An early redemption charge (ERC) has many different names - early redemption clause; early repayment penalty; early termination penalty; early redemption fee; financial penalty; and, redemption charge/penalty. However, what it is remains the same. Basically, should you repay your loan early, you may find that you have to pay an early repayment penalty.
If you have a personal loan, the charge may be typically one or two month's worth of interest. However, it is for a mortgage, this figure could literally run in to thousands of pounds, depending on your mortgage agreement.

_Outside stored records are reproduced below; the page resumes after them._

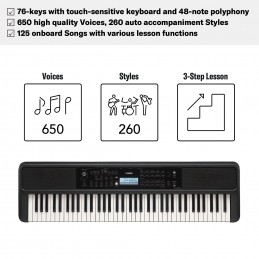 Suona liberamente tutti i tuoi brani preferiti con 76 tasti. Le nuove tastiere entry level EW320 sono caratterizzate da una risposta al tocco completa che offre un controllo dinamico del suono, anche nelle sfumature espressive più delicate, e da un’ampia gamma di 650 Voci, tra cui quella del grand piano. Dispongono inoltre di un vasto numero di brani incorporati e di utili funzioni didattiche che rendono la pratica e l’esibizione il più naturale possibile.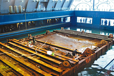 博物館主場南海一號古船所在的沉箱,考古隊員正進行一場水下考古挖掘的動態(tài)演示。經(jīng)過幾天的放水調(diào)試,沉箱的其中兩個探方已微露船舷。據(jù)稱,沉箱仍不會立即打開,這是為了保護古沉船的微環(huán)境?脊湃藛T將采取逐層打開的措施,一點一點地發(fā)掘,同時,也有3名蛙人在水下作業(yè)。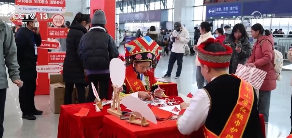 在哈爾濱、西安、上海、廣州各地的火車站,送“?!薄⒖扉W、簽名打卡、文藝表演、民俗文化展示等豐富多彩的活動(dòng)讓人們帶上一份好心情,踏上溫馨的團(tuán)圓之旅。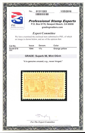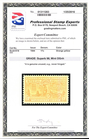 E18, Mint Superb NH 17¢ With Graded 98 PSE Certificate * Stuart Katz

With the latter, many mortgage companies offer special deals for a set period of your mortgage - for example, for the first two years. So for two years, you are getting a really good deal, probably at discounted rates. However, when it gets to year three and your lender wacks up their interest rates, naturally you will want to look around for another mortgage deal.
However, if you look at your mortgage agreement, you may see that you are tied to the lender for, say, four years. So, in that way, he can make a lot of his money back from you in years three and four.
If you decide to switch to a better deal in year three or four, then you may face an early redemption penalty.
So, how can you stop getting ripped off by lenders charging this fee? First of all, don't take out any loan agreement until you have thoroughly checked out whether there is an early redemption fee.
Any early termination fees should be explained to you before you take out a mortgage. If you are not made aware of any such fees before you agree to the loan, then you should seek legal advice as this is miss-selling
.
However, if you are made aware of the charge and it seems like a reasonable fee and you are happy with the rest of the deal, then go for it.
If it doesn't look right or the charges look a bit unrealistic, then do not proceed. There are plenty of lenders out there who do give personal loans and mortgages without any 'tie-ins'. So, shop around.